:: Problem details ::
Transcribe the entries below exactly, starting with the line that has "- Enabling: When" and stopping after the line that has "Nature line taske"; no pictures belong in the copy.

:: Provided records ::
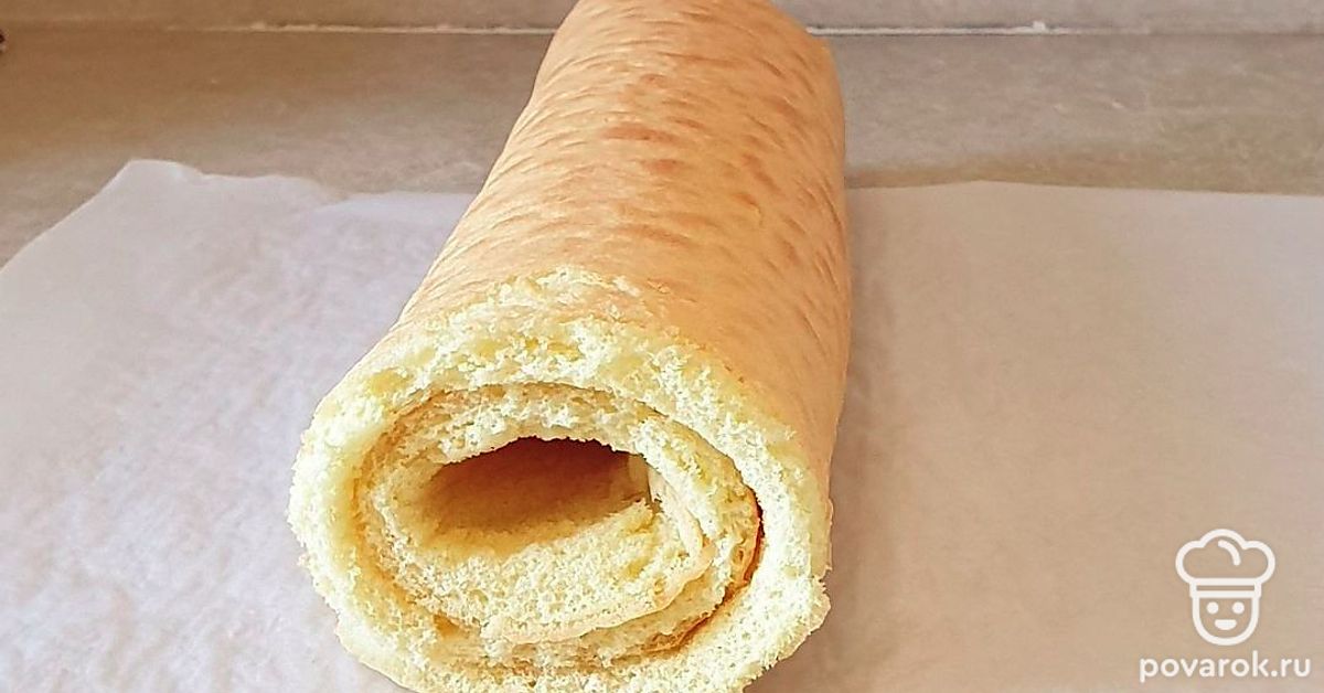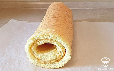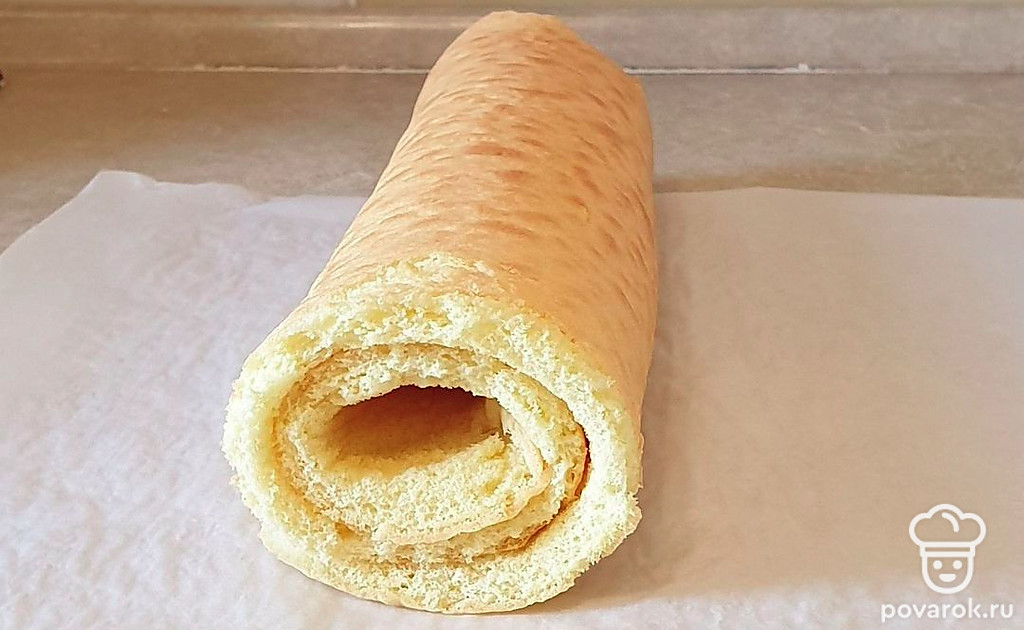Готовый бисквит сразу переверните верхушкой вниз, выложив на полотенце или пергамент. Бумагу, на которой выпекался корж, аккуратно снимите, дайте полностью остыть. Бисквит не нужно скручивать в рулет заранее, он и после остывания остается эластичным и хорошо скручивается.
...
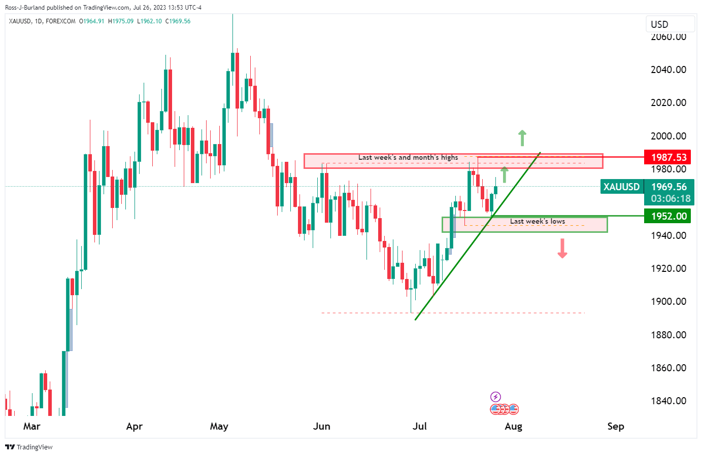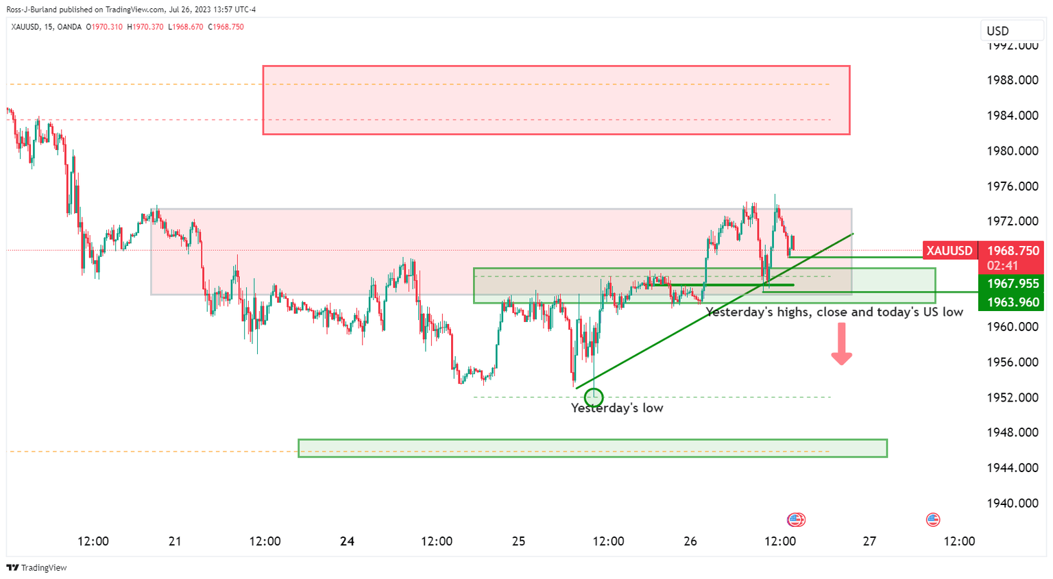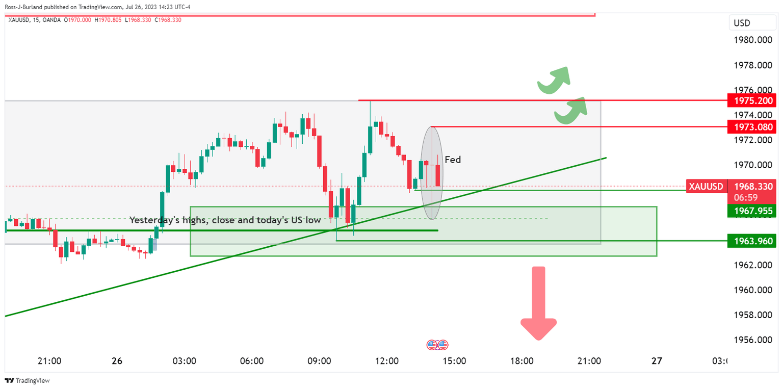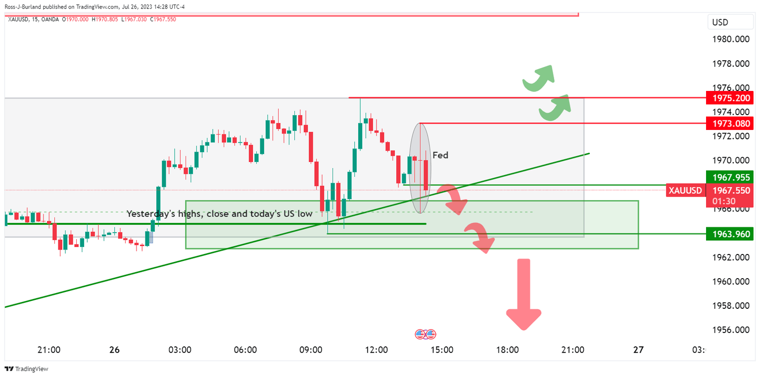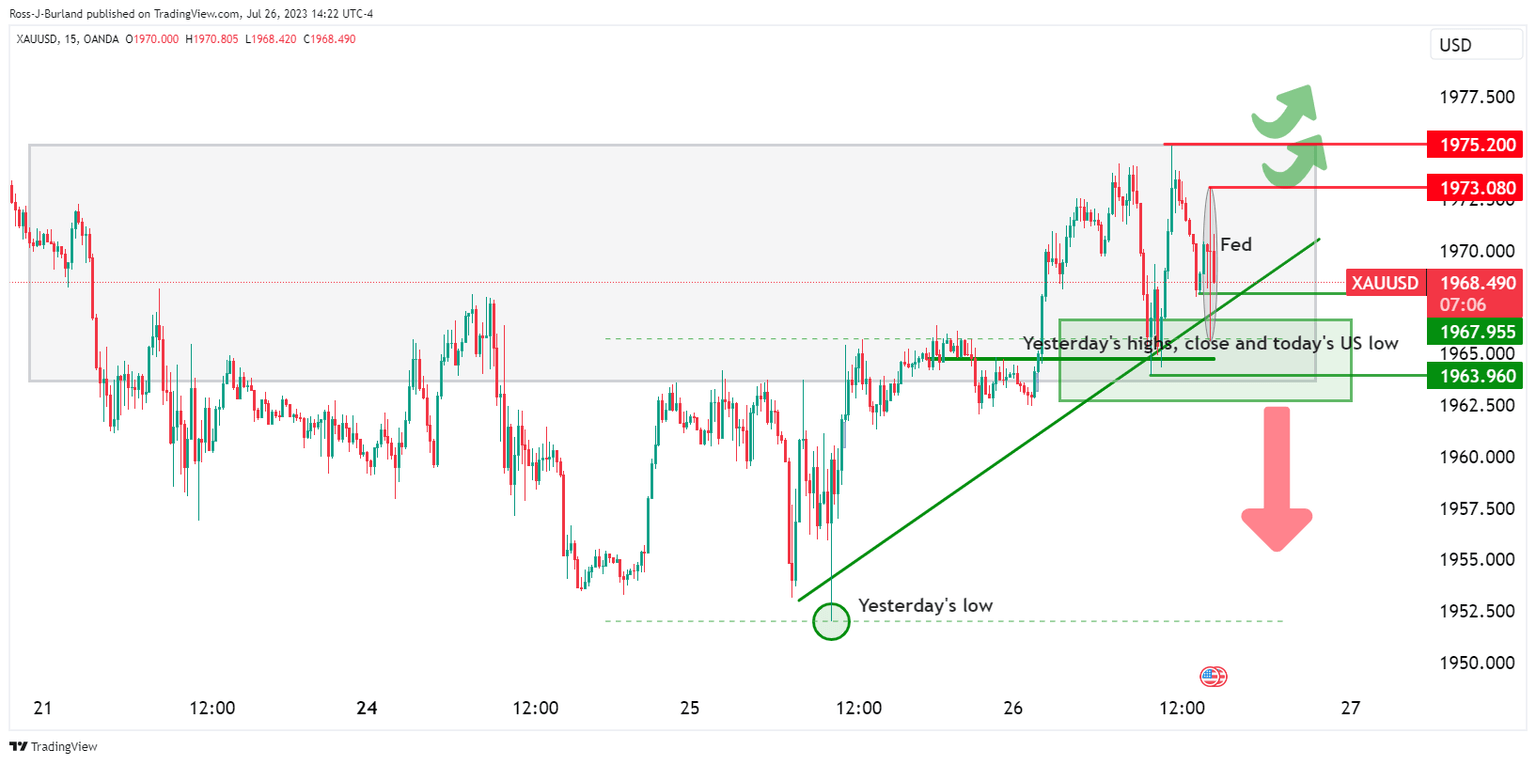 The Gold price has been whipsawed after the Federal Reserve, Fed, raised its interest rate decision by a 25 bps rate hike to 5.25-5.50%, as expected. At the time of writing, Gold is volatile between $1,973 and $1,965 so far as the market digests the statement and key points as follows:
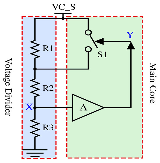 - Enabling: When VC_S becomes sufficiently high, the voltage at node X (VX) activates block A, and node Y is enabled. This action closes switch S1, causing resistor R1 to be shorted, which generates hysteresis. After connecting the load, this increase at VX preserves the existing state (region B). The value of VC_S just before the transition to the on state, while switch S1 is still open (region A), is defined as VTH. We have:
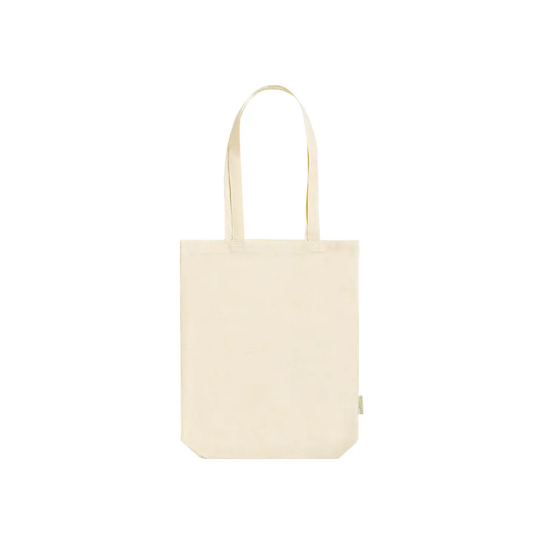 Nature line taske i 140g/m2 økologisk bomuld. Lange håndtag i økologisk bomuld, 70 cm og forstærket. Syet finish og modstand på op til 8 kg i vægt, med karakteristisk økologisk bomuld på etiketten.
* * *
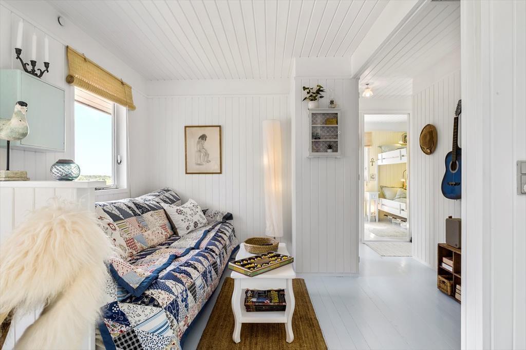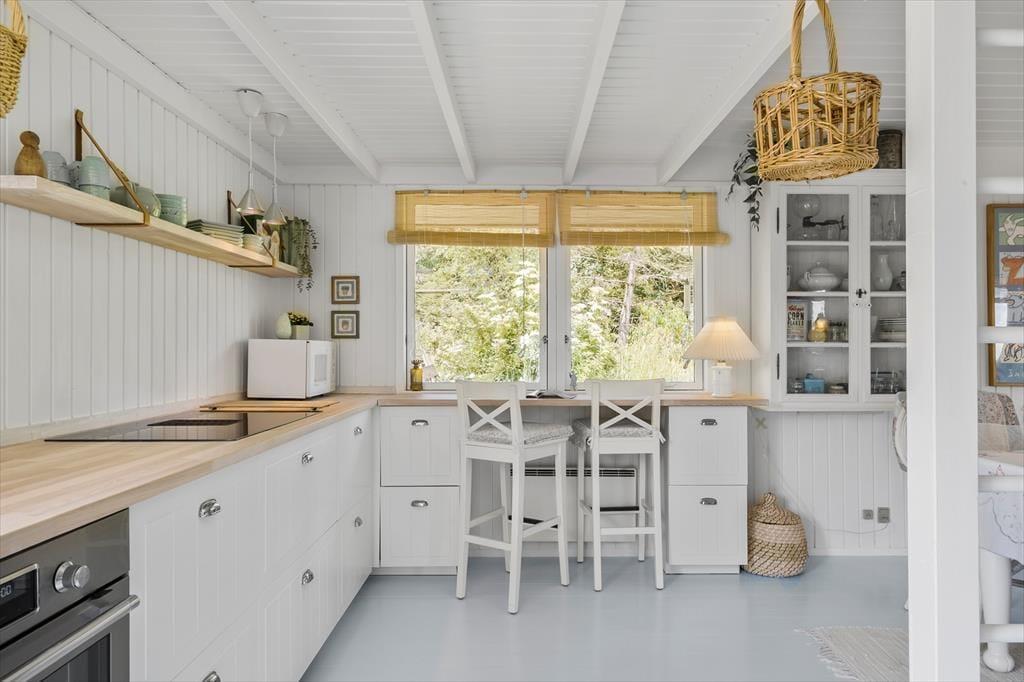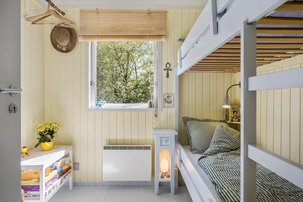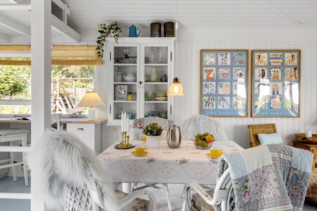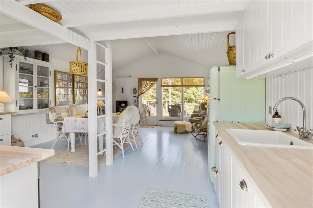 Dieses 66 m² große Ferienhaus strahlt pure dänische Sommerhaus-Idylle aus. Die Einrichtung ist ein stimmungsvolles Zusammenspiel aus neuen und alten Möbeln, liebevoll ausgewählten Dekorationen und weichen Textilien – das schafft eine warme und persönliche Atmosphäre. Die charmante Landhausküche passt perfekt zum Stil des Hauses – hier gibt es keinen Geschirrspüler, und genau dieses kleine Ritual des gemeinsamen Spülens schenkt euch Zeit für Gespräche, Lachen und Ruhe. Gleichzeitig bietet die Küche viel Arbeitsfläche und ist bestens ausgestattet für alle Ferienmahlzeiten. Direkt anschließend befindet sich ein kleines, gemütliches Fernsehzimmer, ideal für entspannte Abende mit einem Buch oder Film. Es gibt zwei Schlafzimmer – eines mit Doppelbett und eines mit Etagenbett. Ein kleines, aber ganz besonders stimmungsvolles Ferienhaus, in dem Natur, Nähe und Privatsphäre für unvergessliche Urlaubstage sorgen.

:: Solution for this task ::
 - Enabling: When VC_S becomes sufficiently high, the voltage at node X (VX) activates block A, and node Y is enabled. This action closes switch S1, causing resistor R1 to be shorted, which generates hysteresis. After connecting the load, this increase at VX preserves the existing state (region B). The value of VC_S just before the transition to the on state, while switch S1 is still open (region A), is defined as VTH. We have:
 Nature line taske i 140g/m2 økologisk bomuld. Lange håndtag i økologisk bomuld, 70 cm og forstærket. Syet finish og modstand på op til 8 kg i vægt, med karakteristisk økologisk bomuld på etiketten.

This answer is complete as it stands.